F is for Fugitive Page 5

"Come on, Henry. That's not the point. I said I'd do my own laundry and you agreed."

Henry shrugged. "Hey, so I'm a liar. What can I say?"

"Would you quit? I don't need a mother."

"You need a keeper. I've said so for months.

You don't have a clue how to take care of yourself.

You eat junk. Get beat up. Place gets blown to bits. I told you to get a dog, but you refuse. So now you got me, and if you ask me, it serves you right."

How irksome. I felt like one of those ducklings inexplicably bonded to a mother cat. My parents had been killed in a car wreck when I was five. In the absence of real family, I'd simply done without. Now, apparently, old dependencies had surfaced. I knew what that meant. This man was eighty-two. Who knew how long he'd live? Just about the time I let myself get attached to him, he'd drop dead. Ha, ha, the joke's on you, again.

"I don't want a parent. I want you as a friend."

"I am a friend."

"Well, then, cut the nonsense. It's making me nuts."

Henry's smile was benign as he checked his watch. "You've got time for a run before dinner if you quit mouthing off."

That stopped me. I'd really hoped to get a run in before dark. It was almost four-thirty, and a glance at the kitchen window showed I didn't have long. I abandoned my complaints and changed into jogging sweats.

The beach that day was odd. The passing storm clouds had stained the horizon a sepia shade. The mountains were a drab brown, the sky a poisonous-looking tincture of iodine. Maybe Los Angeles was burning to the ground, sending up this mirage of copper-colored smoke turning umber at the edge. I ran along the bike path that borders the sand.

The Santa Teresa coastline actually runs east and west. On a map, it looks like the ragged terrain takes a sudden left turn, heading briefly out to sea before the currents force it back. The islands were visible, hovering offshore, the channel dotted with oil rigs that sparkled with light. It's worrisome, but true, that the oil rigs have taken on an eerie beauty of their own, as natural to the eye now as orbiting satellites.

By the time I made the turnaround a mile and a half down the path, twilight had descended and the streetlights were ablaze. It was getting cold and the air smelled of salt, the surf battering the beach. There were boats anchored beyond the breakers, the poor man's yacht harbor.
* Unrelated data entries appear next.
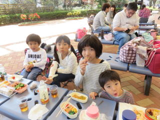 おかあちゃま達が作ってくれた お弁当でピクニックです おいしいね
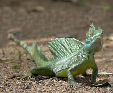 Here’s the female, taking an extra long look at me. The fins of the dorsum aid in heat regulation, as well as a modest defense. I don’t believe they bite either (like the Green Iguana) but the fins can do a very professional job on the hands.
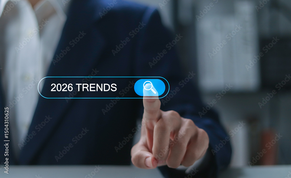 Businessman touching to search bar with 2026 trends on virtual screen for business and fashion in new year concept.
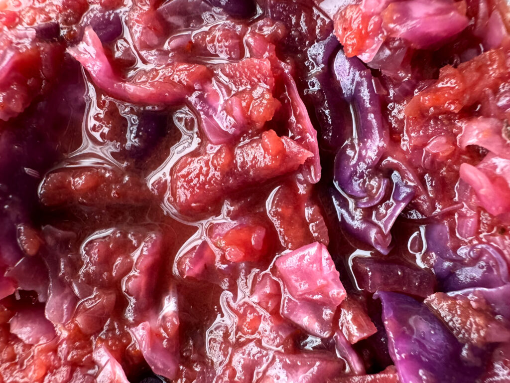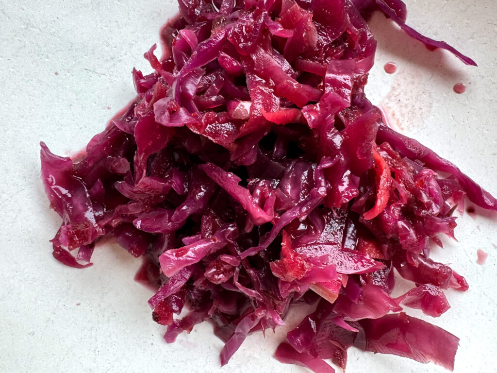 Mit Gochugaru, Sojasauce, Sirup und Miso verrühren. Intensiv schmecken lassen – die Fermentation mildert alles. Karotte grob raspeln, Frühlingszwiebeln in Ringe schneiden. Alles mit Rotkohl und Würzpaste vermengen. Vorsichtig kneten, bis alles gleichmäßig verteilt ist.

The traffic was a comfort, illuminating the grassy strip between the sidewalk and the bike path. I try to run every day, not from passion, but because it's saved my life more than once. In addition to the jogging, I usually lift weights three times a week, but I'd had to discontinue that temporarily, due to injuries.

By the time I got home, I was in a better mood. There's no way to sustain anxiety or depression when you're out of breath. Something in the sweat seems to bring cheer in its wake. We ate supper, chatting companionably, and then I went to my room and packed a bag for the trip. I hadn't begun to think about the situation up in Floral Beach, but I took a minute to open a file folder, which I labeled with Bailey Fowler's name. I sorted through the newspapers stacked up in the utility room, clipping the section that detailed his arrest.
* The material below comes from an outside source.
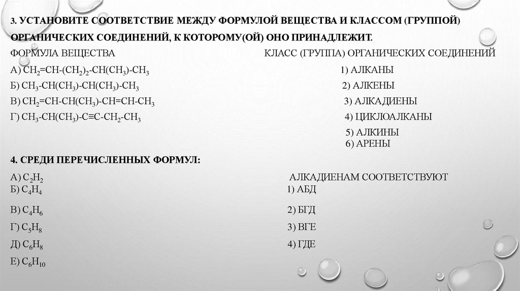 3. УСТАНОВИТЕ СООТВЕТСТВИЕ МЕЖДУ ФОРМУЛОЙ ВЕЩЕСТВА И КЛАССОМ (ГРУППОЙ)ОРГАНИЧЕСКИХ СОЕДИНЕНИЙ, К КОТОРОМУ(ОЙ) ОНО ПРИНАДЛЕЖИТ.

According to the article, he'd been out on parole on an armed-robbery conviction at the time his seventeen-year-old ex-sweetheart was found strangled to death. Residents of the resort town reported that Fowler, then twenty-three, had been involved in drugs off and on for years, and speculated that he'd killed the girl when he learned of her romantic entanglement with a friend of his. With the plea bargain, he'd been sentenced to six years in the state prison. He'd served less than a year at the Men's Colony at San Luis Obispo when he engineered his escape. He left California, assuming the alias of Peter Lambert. After a number of miscellaneous sales jobs, he'd gone to work for a clothing manufacturer with outlets in Arizona, Colorado, New Mexico, and California. In 1979, the company had promoted him to western division manager. He was transferred to Los Angeles, where he'd been residing ever since. The newspaper indicated that his colleagues were stunned to learn he'd ever been in trouble. They described him as hardworking, competent, outgoing, articulate, active in church and community affairs.
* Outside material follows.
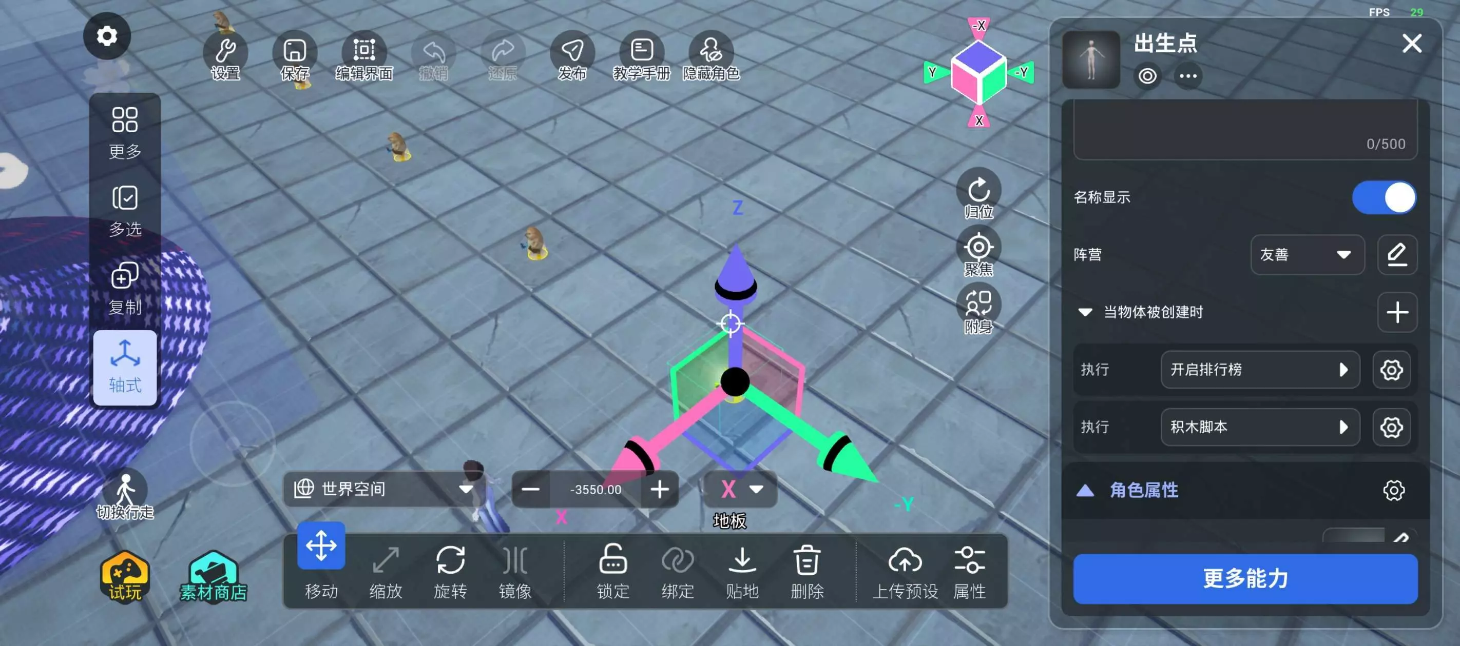 2. 我们需要在【出生点】当被物体被创建时下新增一个积木脚本

The black-and-white photograph of Bailey Fowler showed a man maybe forty years old, half-turned toward the camera, his face blank with disbelief. His features were strong, a refined version of his father's, with the same pugnacious jaw-line. An inset showed the police photograph taken of him seventeen years before, when he was booked for the murder of Jean Timberlake. Since then, his hairline had receded slightly and there was a suggestion that he may have darkened the color, but then again that might have been a function of age or the quality of the photograph. He'd been a handsome kid, and he wasn't bad looking now.